EXERCISE
Beginning with the line that has "In large saucepan, brown" and ending with the line that has "Gofre Kulaklı Asimetrik", retype the entries below exactly, except for the pictures.

RECORDED INFORMATION section start

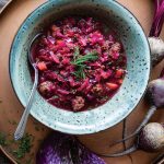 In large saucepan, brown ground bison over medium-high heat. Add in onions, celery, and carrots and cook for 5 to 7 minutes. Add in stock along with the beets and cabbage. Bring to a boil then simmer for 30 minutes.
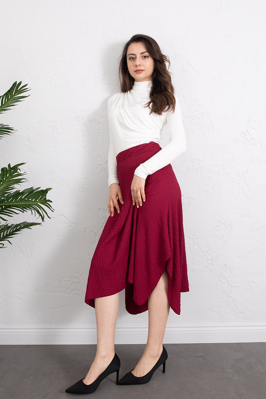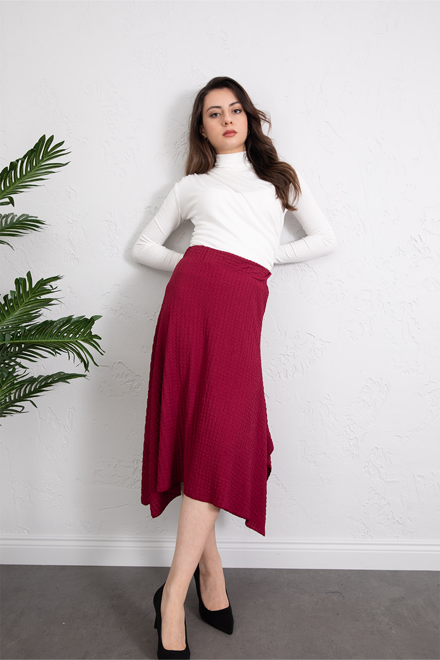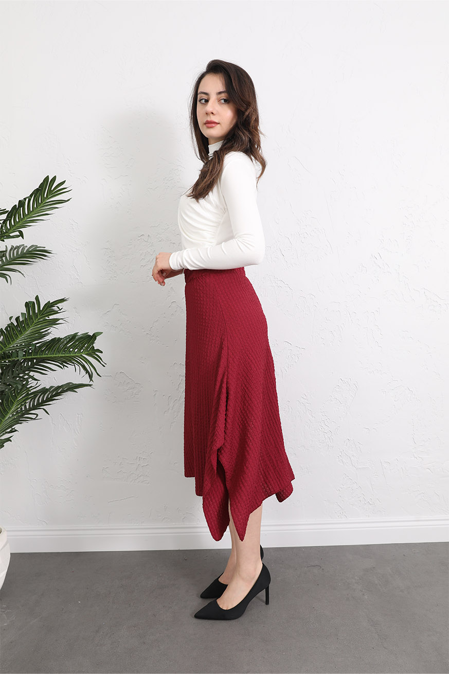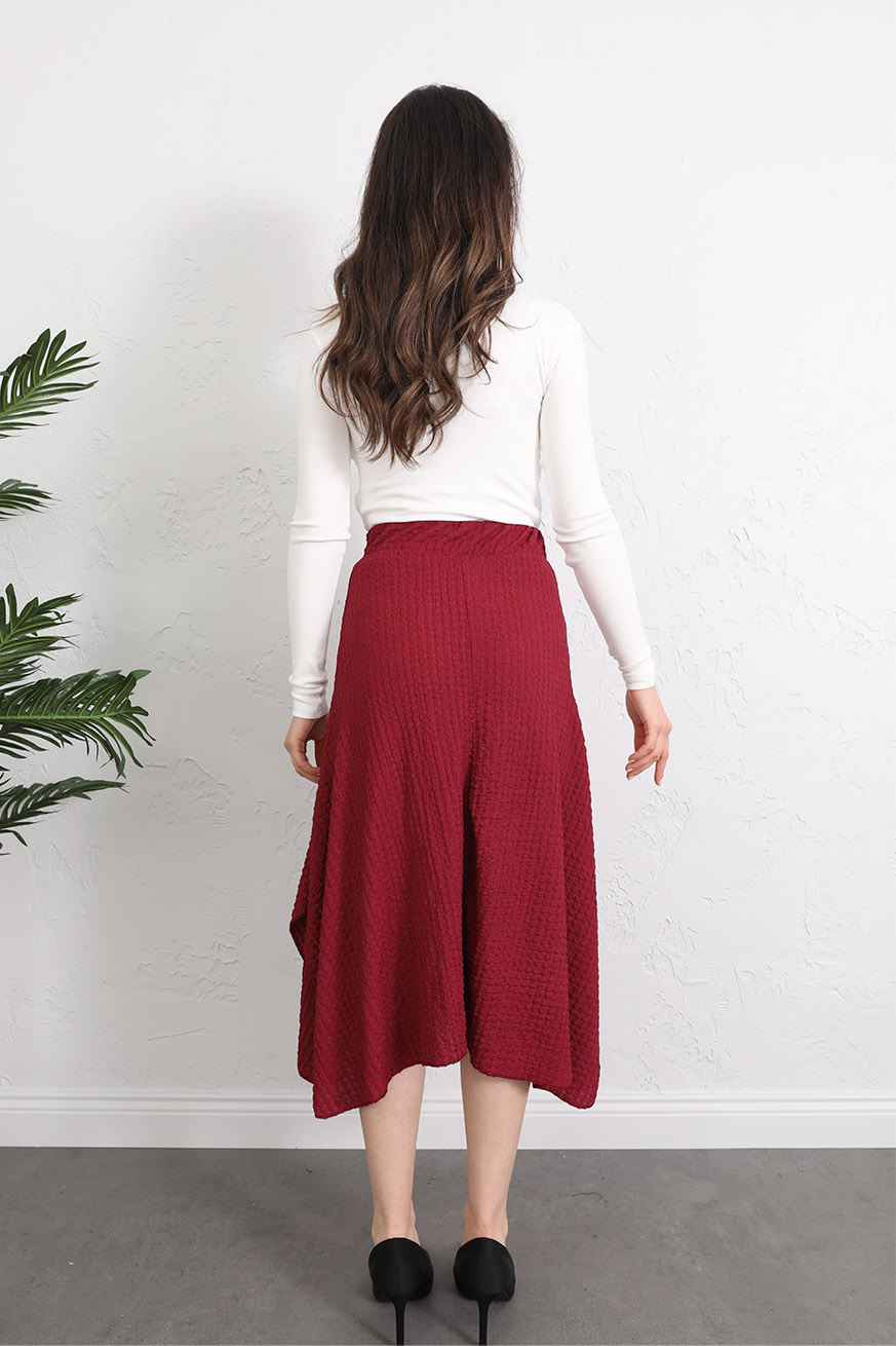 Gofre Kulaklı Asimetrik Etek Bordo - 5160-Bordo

RECORDED INFORMATION section end
RECORDED INFORMATION section start

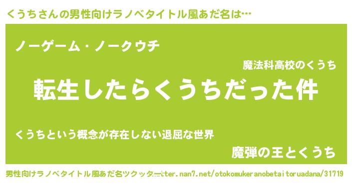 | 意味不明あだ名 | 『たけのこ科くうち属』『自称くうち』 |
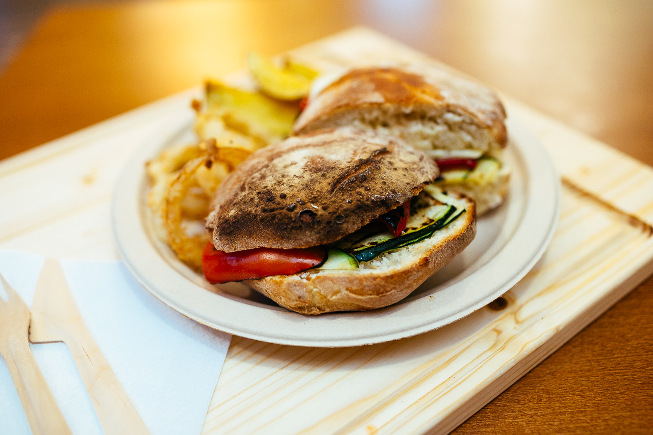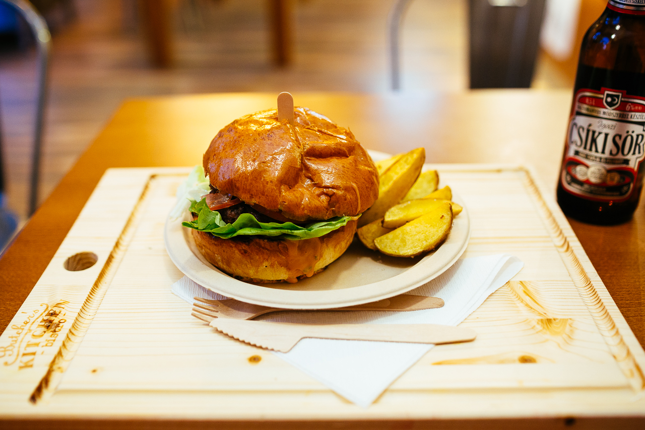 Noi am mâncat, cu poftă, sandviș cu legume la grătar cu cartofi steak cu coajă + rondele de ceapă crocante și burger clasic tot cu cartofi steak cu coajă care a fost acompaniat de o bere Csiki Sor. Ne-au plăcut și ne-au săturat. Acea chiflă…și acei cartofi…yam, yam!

RECORDED INFORMATION section end
RECORDED INFORMATION section start

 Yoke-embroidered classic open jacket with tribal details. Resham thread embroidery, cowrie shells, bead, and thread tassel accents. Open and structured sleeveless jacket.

RECORDED INFORMATION section end

ANSWER AREA
 In large saucepan, brown ground bison over medium-high heat. Add in onions, celery, and carrots and cook for 5 to 7 minutes. Add in stock along with the beets and cabbage. Bring to a boil then simmer for 30 minutes.
 Gofre Kulaklı Asimetrik Etek Bordo - 5160-Bordo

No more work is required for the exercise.